Read the news of the demise of Samsung's chairman around the same time as I was reading How to Kill a Unicorn. The two diametrically opposite views of the company made me wonder who if anyone had it right in such stories. It's as if fact-checking has gone out of fashion along with many other standards that content should be held up to if it meant for the consumption of the general population. In the book, the author Mark Payne writes of Samsung:

The company’s scale is mind-boggling. With 2013 global revenues of $268 billion, Samsung is the world’s tenth-largest company. We’ve worked with them on many innovation challenges and have consistently been amazed by their ability to execute with brilliance and speed against the things they consider important. Most businesses reaching that kind of scale are slow to spot new opportunities and act on them.

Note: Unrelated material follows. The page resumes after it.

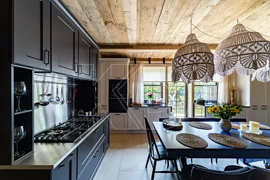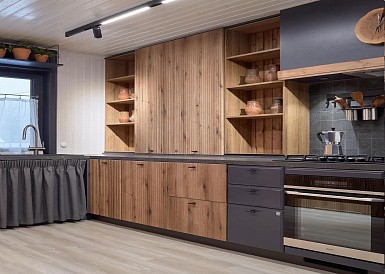 Также дуб применяют для создания комплектов в духе кантри. Природная палитра оттенков передает теплоту сельского стиля, его особое очарование и уют. Фасады таких моделей декорируют решетками и рамками, что создает завершенность и гармоничность дизайна.
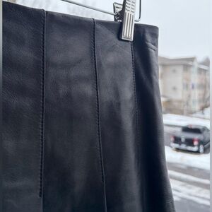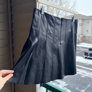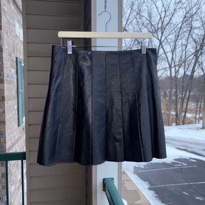 🆕 Antonio Melani Black Genuine Leather Pleated Mini Skirt Size 10 Classic Luxury

But Samsung keeps charging forward. Fast Company magazine recently celebrated Samsung as one of the world’s most innovative companies. Two of the four innovations that were cited were ideas we’d helped shape with their world-class innovation teams. In an age where every company talks incessantly about innovation, Samsung lives it, moving with remarkable speed and decisiveness.

The WSJ story leads with "Lee Jae-yong has the challenge of transforming the South Korean conglomerate after it has failed to keep pace with rivals"

Are they talking about the same company? The times we live in are such that a strong position one way or another should be treated with skepticism. Used to be that was the result of the writer having done their diligence and come up with an original insight. Today, it is more likely a messaging decision calculated to get the most buzz. Facts are entirely incidental.